Financial Times: Cyber insurers emerge as winners amid recent CrowdStrike IT outage

In July 2024, the world witnessed an unprecedented IT outage caused by a faulty update in software development industry. The incident affected numerous industries worldwide, grounding planes, disrupting medical appointments, and taking broadcasters off the air. Despite the chaos, the impact on the emerging cyber insurance sector remained limited, with most of the estimated $15 billion in damages left uninsured.

In the Financial Times article, experts argue that the outcome might have been different if the outage had lasted longer. Most cyber insurance policies have a delay of around eight hours before coverage begins, and the cause of the disruption was easier to rectify than a full-scale cyberattack.

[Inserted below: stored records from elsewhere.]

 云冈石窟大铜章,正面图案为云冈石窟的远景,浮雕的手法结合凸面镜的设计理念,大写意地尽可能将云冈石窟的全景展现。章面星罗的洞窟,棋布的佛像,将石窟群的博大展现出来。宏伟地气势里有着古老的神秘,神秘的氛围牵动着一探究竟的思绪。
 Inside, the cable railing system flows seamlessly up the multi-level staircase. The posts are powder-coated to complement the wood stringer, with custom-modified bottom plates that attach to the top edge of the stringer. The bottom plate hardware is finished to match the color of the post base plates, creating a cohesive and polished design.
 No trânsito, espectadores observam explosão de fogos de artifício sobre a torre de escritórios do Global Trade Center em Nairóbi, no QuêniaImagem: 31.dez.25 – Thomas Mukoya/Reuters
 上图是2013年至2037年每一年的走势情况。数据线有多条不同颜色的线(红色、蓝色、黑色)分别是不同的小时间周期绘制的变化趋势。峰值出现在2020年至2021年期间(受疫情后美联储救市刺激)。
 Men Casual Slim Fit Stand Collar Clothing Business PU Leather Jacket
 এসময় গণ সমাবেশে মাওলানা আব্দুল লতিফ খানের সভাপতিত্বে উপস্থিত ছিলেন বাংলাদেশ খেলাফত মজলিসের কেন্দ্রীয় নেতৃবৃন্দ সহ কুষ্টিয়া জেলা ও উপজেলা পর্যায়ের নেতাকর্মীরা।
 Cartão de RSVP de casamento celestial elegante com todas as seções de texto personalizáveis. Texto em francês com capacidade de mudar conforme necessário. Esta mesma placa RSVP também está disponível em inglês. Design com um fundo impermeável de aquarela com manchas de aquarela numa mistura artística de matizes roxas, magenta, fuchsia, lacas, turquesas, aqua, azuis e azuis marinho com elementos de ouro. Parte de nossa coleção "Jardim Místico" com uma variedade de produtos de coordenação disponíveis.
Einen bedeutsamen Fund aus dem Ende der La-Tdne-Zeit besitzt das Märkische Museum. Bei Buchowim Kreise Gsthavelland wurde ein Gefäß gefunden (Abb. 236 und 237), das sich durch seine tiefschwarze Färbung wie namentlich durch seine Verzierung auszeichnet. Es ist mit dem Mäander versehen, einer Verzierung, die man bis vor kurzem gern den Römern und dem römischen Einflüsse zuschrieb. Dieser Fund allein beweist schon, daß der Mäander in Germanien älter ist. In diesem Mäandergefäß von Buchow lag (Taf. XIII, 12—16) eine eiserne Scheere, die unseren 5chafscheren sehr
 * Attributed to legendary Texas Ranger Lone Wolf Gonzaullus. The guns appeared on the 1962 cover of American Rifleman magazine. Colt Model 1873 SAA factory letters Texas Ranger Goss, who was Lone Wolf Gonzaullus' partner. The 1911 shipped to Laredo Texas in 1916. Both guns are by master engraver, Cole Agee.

Risk retention strategies and policy limits also helped minimize insurers’ liabilities, with payouts expected to cover less than a fifth of the $5.4 billion in losses reported by Fortune 500 companies (excluding Microsoft), according to the insurer Parametrix.

However, looking ahead, insurers may not always be so fortunate. The cyber insurance market is one of the riskiest in the industry, with limited data available for accurate risk assessment. Surely though, the recent outage will provide valuable insights. For instance, while insurance can only partially address the growing cyber threat, the recent outage may drive increased demand for coverage. Even before the incident, risk managers were alarmed by cyber threats, as highlighted by the Allianz Risk Barometer. The widespread disruption caused by the so-called ‘blue screen of death’ has only strengthened this concern.